Notes from a 2011 Qcon talk about scaling the non-gaming server side of League of Legends. They are not worried about persistence during a game, but rather in the match-making, lobby, or store. They have soft real-time requirements: not the order of 10ms, more the order of a few seconds. [Twitter and Facebook are soft RT too]
Scalability: it's easier to constrain what the logic developers are allowed to do, than to define what they are not allowed to do. Examples: Map/Reduce is a whole paradigm (you have to make your logic fit into a
map() and a
reduce()), NoSQL's unstructured data is a double-edge sword (you lose the ability to
join, but queries come back faster), and when you're partitioned, you pick to be either atomic/consistent or available
46:50: Scaling should be dynamic/elastic; you need cluster recomposition and stateless growth patterns. Hence the system should be dynamically configurable. On the fly, you should be able to adjust the thread pool size, add/remove roles to machines, and switch logic or system algorithms.
Food for thought: list all the benefits/tricks a load balancer can provide to your system.
Caching provides flexibility: failovers, distribution of workload (hot code updates or restarts). Coherence is a distributed cache used between Hibernate and the DAO layer as "cache-through". If the DAO asks Coherence and there's a cache miss, then Coherence asks Hibernate (itself using a Coherence cache, or calling MySQL over the network if cache miss).
24:00: How to be sure that cache and DB are consistent? Do not cache! Query the DB directly, latency of few sec is OK for soft RT.

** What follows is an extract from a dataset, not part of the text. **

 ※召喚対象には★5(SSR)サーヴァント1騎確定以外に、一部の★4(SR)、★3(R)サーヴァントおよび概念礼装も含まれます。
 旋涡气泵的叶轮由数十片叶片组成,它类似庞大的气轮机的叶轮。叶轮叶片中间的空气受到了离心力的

11:30: Serialize the work, not the data. It's faster to serialize the work to the data, than to unserialize the data, work on it, then serialize the result.
Avoid moving the data all over the network towards where the process is. It's also easier to distribute the work to all the DB nodes than to send to/receive from all the nodes.

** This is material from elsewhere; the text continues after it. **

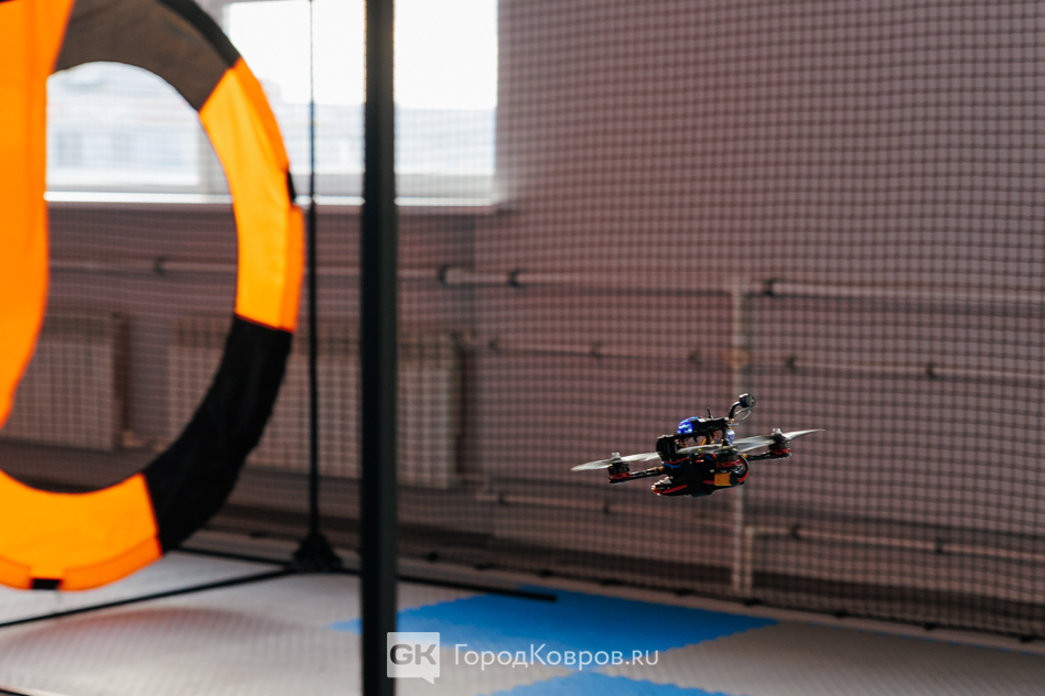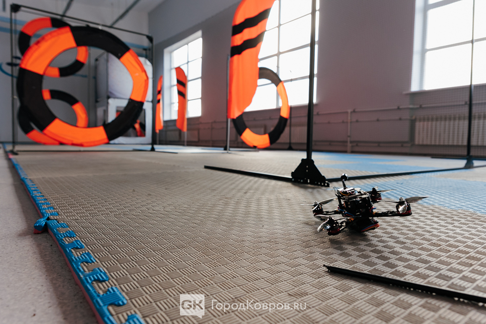 Николай и его ученики показали учебный класс, а затем мы прошли на закрытый полигон. Здесь проходят соревнования испытателей дронов. Управление идёт при помощи FPV, а полёт дронов на площадке чем-то напоминает кадры с чемпионата по квидичу.

The objects sent on network between server and DB should be small: if you have to edit only one field, you should not have to send a big object of 1MB.
Logging and Testing
42:30: They log each function call with how long it took; overhead of 1% performance, but huge value if able to graph/plot the logs. Compare the average call duration in the last few minutes to the usual average to detect problems.
17:15: Keep in mind that the code will be used/executed in a data center, not on your laptop. 51:25: They use EC2 for load testing. 1000 threads per node, each thread simulating 1 user. Realistic because not all clients (threads) are same speed in real-life, and EC2 network is not always the best/reliable. It's not the most performant, but it looks like a quick-and-dirty way to load test. One of their scale testing environment has more than 50 machines.